Starting out in something new, we have to question any initial investment. Follow some advice, and you need thousands of pounds in hand tools because the advice generally is to buy the best. The scenario worsens if someone says machines are the only way forward. To get a sharp edge and feel the sharpness in the wood can cost you around £30 and that is what this blog post is about. I’m going to point any woodworkers new to hand tools to our Common Woodworking site here straight off. The information and the tools you really need, together with projects and a mass of other information, where and how to get started, which tools to buy and so on is right there at your fingertips and all of it is free. What you read there will be what I do and use in my day to day woodworking. Remember, we don’t sell any of this information and the tool advice does not produce income from selling tools or taking sponsorship or free goods from makers and suppliers. We are completely independent. This keeps our work clean and wholesome. Also, if you are a machinist only woodworker, this site is for you too. Rarely have I met a machine-only woodworker who understands hand tool methods with any real depth, and that’s understandable. What I am talking about isn’t the general knowledge of what a plane or chisel does, but the minute ways we adjust the tool settings and more importantly the flex of our arms and hands in the manipulations we do throughout their use. Oh, and I do include 95% of professional woodworkers and furniture makers in the machine-only realms. I don’t say this to be antagonistic, unkind, elitist or self-promoting. As it is with many things; when we think we have arrived, we tend to close off to other things, influences, thinking there is nothing more to be learned.
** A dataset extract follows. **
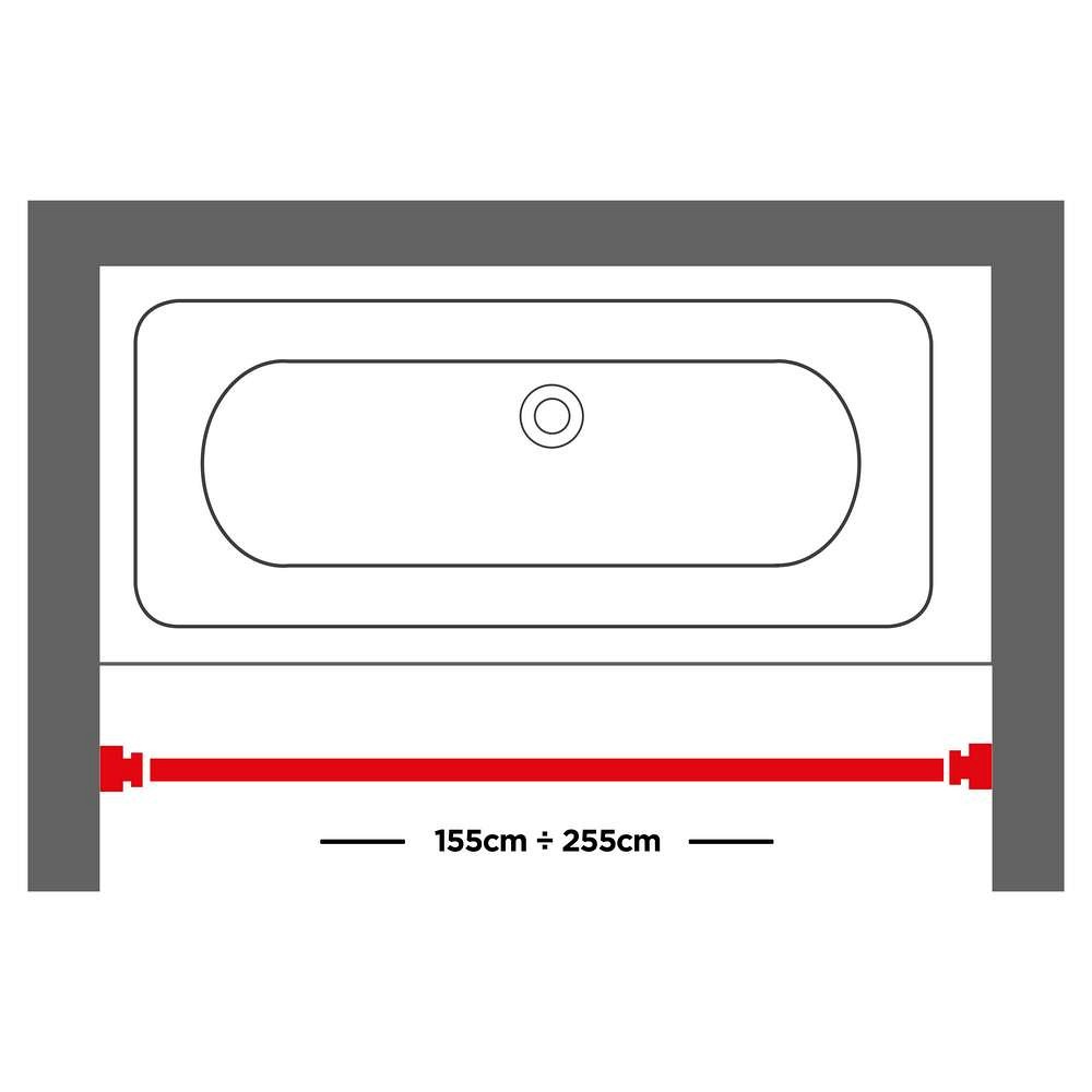 Ο βραχίονας μπάνιου της Sealskin είναι ιδανικός για όταν προτιμάτε να μην τρυπήσετε τα πλακάκια του μπάνιου σας. Αυτό συμβαίνει επειδή ο επεκτεινόμενος αυτός βραχίονας μπάνιου μπορεί εύκολα να στερεωθεί μεταξύ δύο τοίχων. Με ελάχιστο μήκος 155 cm, μέγιστο μήκος 255 cm και διάμετρο 20 mm, ο βραχίονας αυτός είναι κατάλληλος για όλους σχεδόν τους τύπους κουρτινών μπάνιου. Ο βραχίονας είναι κατασκευασμένος από ανθεκτικό αλουμίνιο.

It’s nothing these days to spend hundreds of pounds on equipment based on the advice of some ‘expert‘ just to sharpen a chisel or a plane, but even if you buy a chisel that arrives sharp, within an hour of use it will need resharpening to restore the edge enough to cut wood. For us, the use of disposable tools isn’t really an option. Even though saws might only cost £7 to cut your wood, these are disposable tools designed not so much to cut wood but to keep you coming back to buy another and another and another. In the beginning, you, starting out, this might just work, as will the sharp and well-set plane and the sharp chisels, but all the edge tools and saws must be resharpened regularly and this should never be neglected if you are to get good results in your making. And don’t be sold the line that says, “Works straight out of the box!” or the buyer comments that say so. That’s fine for an electric kettle or a camera. It’s possibly right and even likely to be true with some companies, but the person sending out a plane will not be there after an hour of using it to resharpen and set it for you. One slip of a lever or a twist of the “turny-thingy” does not reset the alignment of the blade or the depth of cut to restore the previous settings, and there is no reset button or default setting to return to. We have to gain the kind of knowledge needed to tweak with a pinch or a twist as early as possible. I spent years writing my book, Essential Woodworking Hand Tools, to cut to the core of tool sharpening, use and ownership. It was less about owning the tools and everything about owning the knowledge on how to maintain them, so, how to sharpen them and use them efficiently and effectively is key to all future.
Okay, we need to know these things to build and undergird a new future on the simplicity of simple sharpening. My follow-on from this will be the nuts-and-bolts stuff I do in my everyday working. If I teach you nothing else, we must get the simple art of sharpening our tools down first.